The Unmaking of Charity

Charity in Malaysia Thailand


Charity has become a social event. A time of giving, where the poor, the rejects, the disabled and orphans queue to receive aid, to receive sacks of rice, money and perhaps words of sympathy.

Waiting in line has its price, as faces of destitution and loss are captured by the annoying, clicking sounds of cameras, bodies wrecked in pain basking in flashes of light. That backdrop, grand colorful banners with portraits of grinning donors; its hard not to notice them.

Then you have the officials, the corporate leaders and political wannabes passing the donations, some with mock cheques, with little care for those eager, and often nervous, trembling hands.

The giver simply cares for the limelight, this supposedly act of generosity.
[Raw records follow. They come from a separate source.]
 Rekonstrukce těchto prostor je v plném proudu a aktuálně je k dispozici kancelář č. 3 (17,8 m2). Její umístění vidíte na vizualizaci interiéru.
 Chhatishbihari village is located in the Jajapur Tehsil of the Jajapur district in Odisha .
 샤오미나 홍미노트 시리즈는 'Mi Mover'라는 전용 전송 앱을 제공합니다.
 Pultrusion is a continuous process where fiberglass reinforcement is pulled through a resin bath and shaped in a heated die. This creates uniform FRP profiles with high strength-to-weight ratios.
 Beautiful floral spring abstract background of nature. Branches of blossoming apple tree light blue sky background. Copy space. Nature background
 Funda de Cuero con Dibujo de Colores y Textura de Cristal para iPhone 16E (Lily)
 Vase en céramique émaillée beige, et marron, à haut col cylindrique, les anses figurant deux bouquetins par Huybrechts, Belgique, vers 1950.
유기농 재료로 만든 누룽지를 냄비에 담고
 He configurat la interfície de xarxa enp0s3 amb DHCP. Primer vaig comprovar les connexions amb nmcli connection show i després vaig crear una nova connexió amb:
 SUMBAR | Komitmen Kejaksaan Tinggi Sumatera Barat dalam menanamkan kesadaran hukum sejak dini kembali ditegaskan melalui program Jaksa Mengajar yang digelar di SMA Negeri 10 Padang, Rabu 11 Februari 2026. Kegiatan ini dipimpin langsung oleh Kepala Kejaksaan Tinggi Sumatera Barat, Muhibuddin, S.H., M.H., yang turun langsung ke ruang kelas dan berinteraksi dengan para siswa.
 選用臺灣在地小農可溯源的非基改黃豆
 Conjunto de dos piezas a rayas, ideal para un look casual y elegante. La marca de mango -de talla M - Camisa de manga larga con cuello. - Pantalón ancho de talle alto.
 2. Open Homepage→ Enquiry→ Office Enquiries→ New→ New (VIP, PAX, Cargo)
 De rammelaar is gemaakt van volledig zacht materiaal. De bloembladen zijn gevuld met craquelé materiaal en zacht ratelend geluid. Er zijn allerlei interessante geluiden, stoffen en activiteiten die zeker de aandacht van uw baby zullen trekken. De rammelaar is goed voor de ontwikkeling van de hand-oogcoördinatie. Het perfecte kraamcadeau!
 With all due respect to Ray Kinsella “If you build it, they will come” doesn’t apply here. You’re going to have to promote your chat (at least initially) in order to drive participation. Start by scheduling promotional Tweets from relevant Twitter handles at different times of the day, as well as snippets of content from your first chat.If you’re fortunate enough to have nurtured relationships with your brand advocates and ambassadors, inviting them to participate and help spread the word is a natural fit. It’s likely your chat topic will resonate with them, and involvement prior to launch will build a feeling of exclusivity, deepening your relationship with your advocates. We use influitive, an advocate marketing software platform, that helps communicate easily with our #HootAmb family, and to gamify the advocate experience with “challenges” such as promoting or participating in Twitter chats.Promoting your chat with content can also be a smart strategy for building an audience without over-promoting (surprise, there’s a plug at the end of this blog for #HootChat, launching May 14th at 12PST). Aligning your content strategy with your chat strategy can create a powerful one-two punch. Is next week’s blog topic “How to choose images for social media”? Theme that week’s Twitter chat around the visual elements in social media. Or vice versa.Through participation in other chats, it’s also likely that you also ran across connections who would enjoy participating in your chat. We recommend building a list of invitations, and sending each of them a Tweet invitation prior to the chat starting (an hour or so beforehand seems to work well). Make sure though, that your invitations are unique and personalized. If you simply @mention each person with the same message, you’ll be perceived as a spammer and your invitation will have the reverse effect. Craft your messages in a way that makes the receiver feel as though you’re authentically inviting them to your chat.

Charity events, a blitz of blight, that sucks the energy of those desperate for food, for kindness, for an act of humanity. There is none, of course, sadly, as the ones in suits, with that expensive taste and with a harem of publicity-hungry cronies, are only interested in self-glory. Their quest for the limelight is obvious, and suffocating. Gut wrenching portrayal of hypocrisy and apathy. A game for those eager to put the poor on a silver plate, for the rich to consume in amusement or poke at with token pity.

Once gifts are offered, the rich, the privileged leave the stage. Escorted by those wanting to bask in the light of their masters. They leave with an eagerness to abandon this ungodly sight, of humanity in misery.